Today I found a couple of free hours in the middle of the day, or it was night, and therefore they turned out to be free, who knows on a polar day. Anyway, knowing that most of the roads towards the sea have already thawed and I will not have to fight for survival on the road, I decided to go to the nearest coast. Not the most northerly and authentic, but rather an observation deck for the locals.

05.jpg

The spring tundra is... I'm not sure it's beautiful, though, there's something cute about these browns and the remaining handful of snow on the shady areas of the hills.
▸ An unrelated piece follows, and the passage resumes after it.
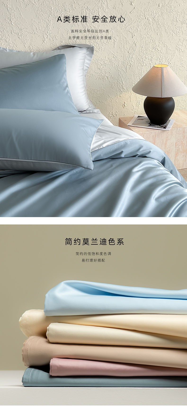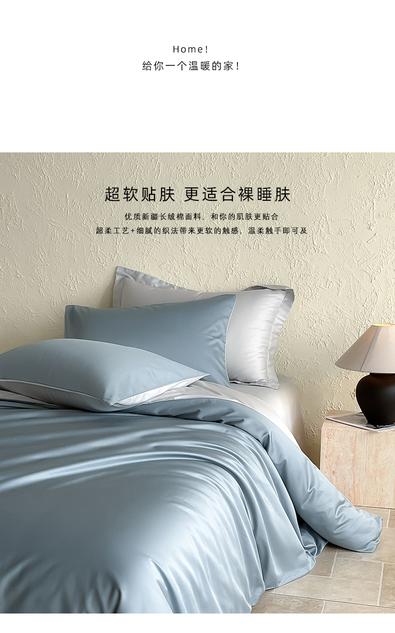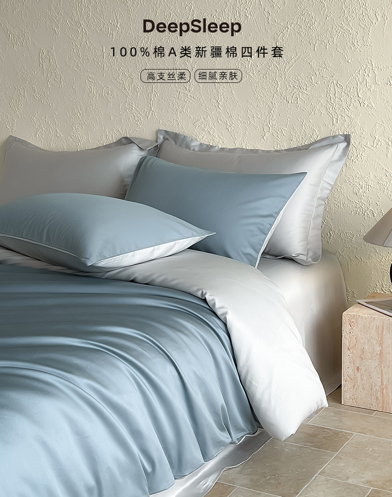 商品名称:猪先生 2024新款A类全棉高支高密纯棉单被套 清澈蓝+藕灰

It's like you're riding on the back of a huge brown-and-white cow.

02.jpg

03.jpg

Sometimes you get lucky, and in the distance you can spot a white hare or a partridge. These are the most retarded guys of their kind, who have not yet had time to change their winter color to summer and become excellent prey for predators. I don't usually hope for such luck. But today is Wednesday- a happy day, and it looks like Mrs. Fortune decided to go for a walk with me.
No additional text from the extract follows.